:: Task goal ::
From the first line to the last, restate every record word for word, leaving out the pictures.

:: Input records ::
+---+
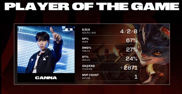 【6:08】Adam狗熊找到机会草丛埋伏和Canna兰博肉搏,但是最终被Canna兰博闪现拉开位置,自己身上中了点燃先行阵亡!
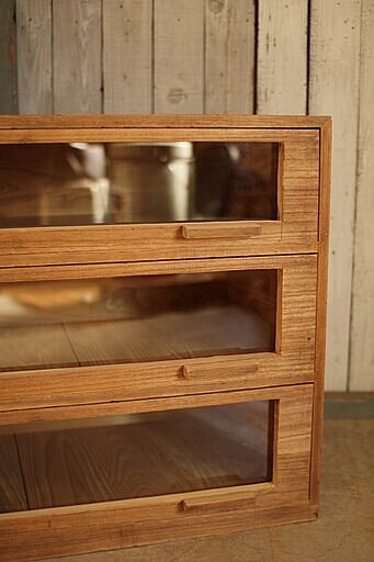 古い前面ガラス引き出し3段です。
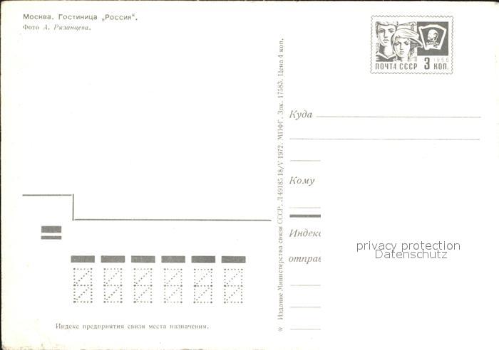 Moscow Moskva Hotel Rossija postalisch nicht gelaufen Ganzsache (eingedruckte Briefmarke) Erhaltung siehe scans [NatalD47 kv013box]
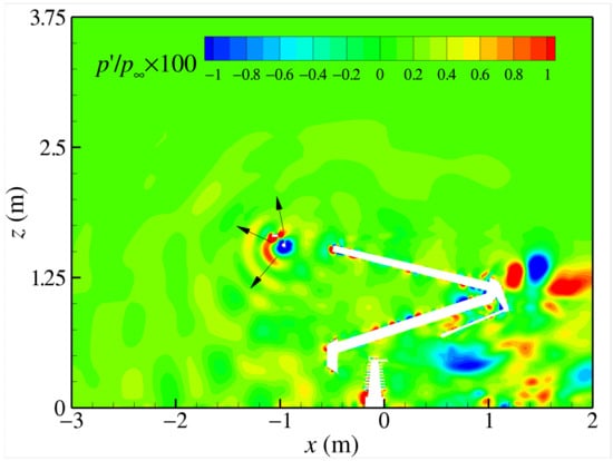 - Ffowcs Williams, J.E.; Hawkings, D.L. Sound generation by turbulence and surfaces in arbitrary motion. Philos. Trans. R. Soc. Lon. Ser. A Math. Phys. Sci. 1969, 264, 321–342. [Google Scholar]
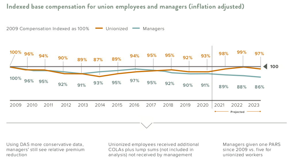 With more than 90 percent of the state workforce part of a union, management pay has been one of the few labor costs the state could cut back on without entering into protracted labor negotiations with the State Employee Bargaining Agent Coalition.
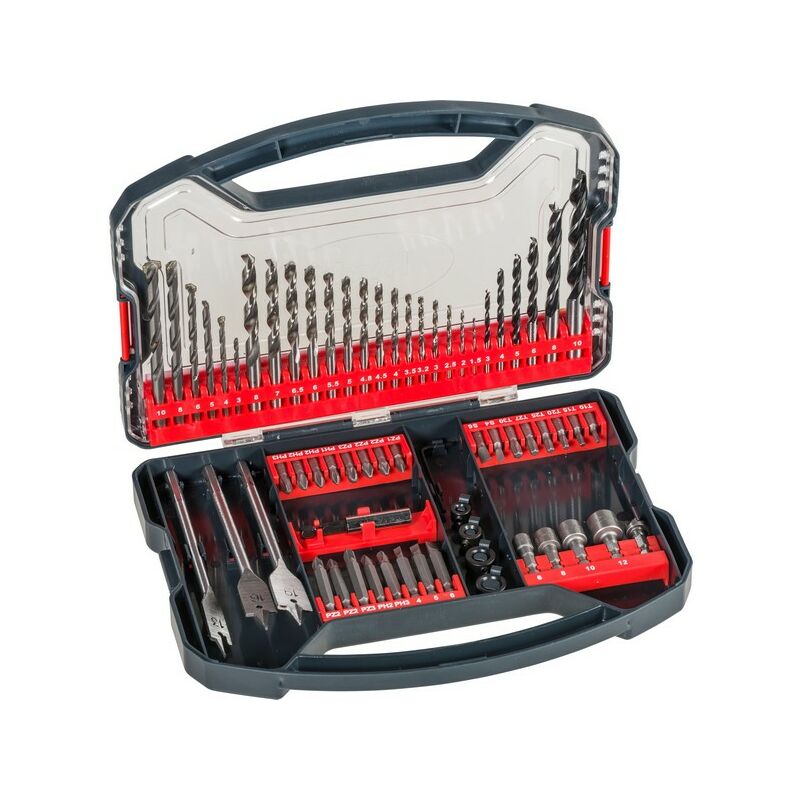 Valigetta in plastica ultra-resistente con manico integrato. Bit e portabit al cromo-vanadio. Composizione box: 24 bit misti, 4 bit con arresto profondità, 1 portabit magnetico, 14 punte per metallo, 5 punte per muratura, 5 punte per legno, 3 mecchie per legno, 1 svasatore per legno, 4 fermapunta, 1 chiave maschio esagonale.
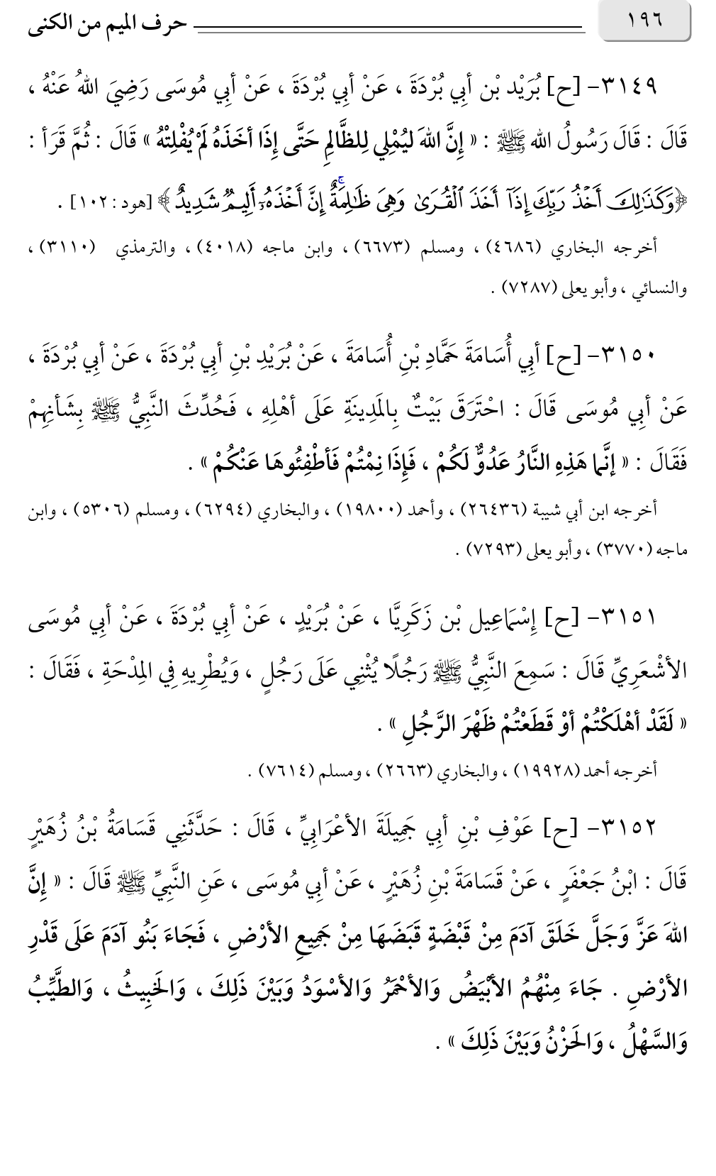 ٣١٤٩ - [ح] بُرَيْد بْن أبِي بُرْدَةَ، عَنْ أبِي بُرْدَةَ، عَنْ أبِي مُوسَى رَضِيَ اللهُ عَنْهُ، قَالَ: قَالَ رَسُولُ الله صلى الله عليه وسلم: «إِنَّ اللهَ ليُمْلي لِلظَّالِمِ حَتَّى إِذَا أخَذَهُ لَمْ يُفْلِتْهُ» قَالَ: ثُمَّ قَرَأ: {وَكَذَلِكَ أَخْذُ رَبِّكَ إِذَا أَخَذَ الْقُرَى وَهِيَ ظَالِمَةٌ إِنَّ أَخْذَهُ أَلِيمٌ شَدِيدٌ} [هود: ١٠٢].
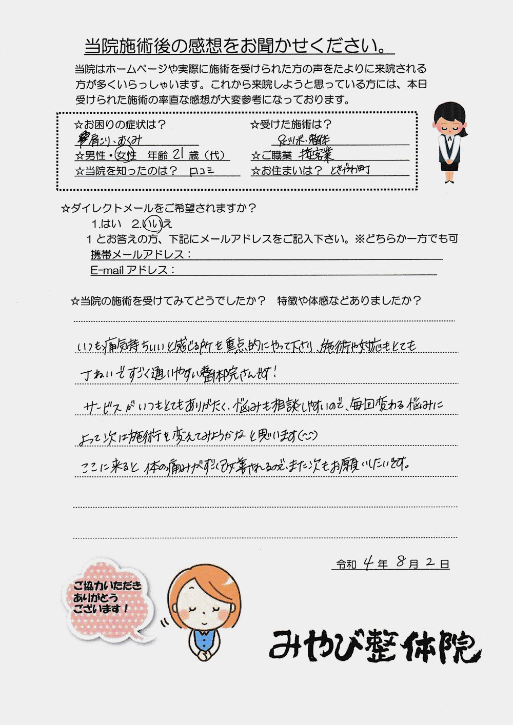 サービスがいつもとてもありがたく、悩みも相談しやすいので、毎回変わる悩みによって次は施術を変えてみようかなと思います。ここに来ると体の痛みがすごく改善されるので、また次もお願いしたいです。
+---+
:: Answer to this problem ::
 【6:08】Adam狗熊找到机会草丛埋伏和Canna兰博肉搏,但是最终被Canna兰博闪现拉开位置,自己身上中了点燃先行阵亡!
 古い前面ガラス引き出し3段です。
 Moscow Moskva Hotel Rossija postalisch nicht gelaufen Ganzsache (eingedruckte Briefmarke) Erhaltung siehe scans [NatalD47 kv013box]
 - Ffowcs Williams, J.E.; Hawkings, D.L. Sound generation by turbulence and surfaces in arbitrary motion. Philos. Trans. R. Soc. Lon. Ser. A Math. Phys. Sci. 1969, 264, 321–342. [Google Scholar]
 With more than 90 percent of the state workforce part of a union, management pay has been one of the few labor costs the state could cut back on without entering into protracted labor negotiations with the State Employee Bargaining Agent Coalition.
 Valigetta in plastica ultra-resistente con manico integrato. Bit e portabit al cromo-vanadio. Composizione box: 24 bit misti, 4 bit con arresto profondità, 1 portabit magnetico, 14 punte per metallo, 5 punte per muratura, 5 punte per legno, 3 mecchie per legno, 1 svasatore per legno, 4 fermapunta, 1 chiave maschio esagonale.
 ٣١٤٩ - [ح] بُرَيْد بْن أبِي بُرْدَةَ، عَنْ أبِي بُرْدَةَ، عَنْ أبِي مُوسَى رَضِيَ اللهُ عَنْهُ، قَالَ: قَالَ رَسُولُ الله صلى الله عليه وسلم: «إِنَّ اللهَ ليُمْلي لِلظَّالِمِ حَتَّى إِذَا أخَذَهُ لَمْ يُفْلِتْهُ» قَالَ: ثُمَّ قَرَأ: {وَكَذَلِكَ أَخْذُ رَبِّكَ إِذَا أَخَذَ الْقُرَى وَهِيَ ظَالِمَةٌ إِنَّ أَخْذَهُ أَلِيمٌ شَدِيدٌ} [هود: ١٠٢].
 サービスがいつもとてもありがたく、悩みも相談しやすいので、毎回変わる悩みによって次は施術を変えてみようかなと思います。ここに来ると体の痛みがすごく改善されるので、また次もお願いしたいです。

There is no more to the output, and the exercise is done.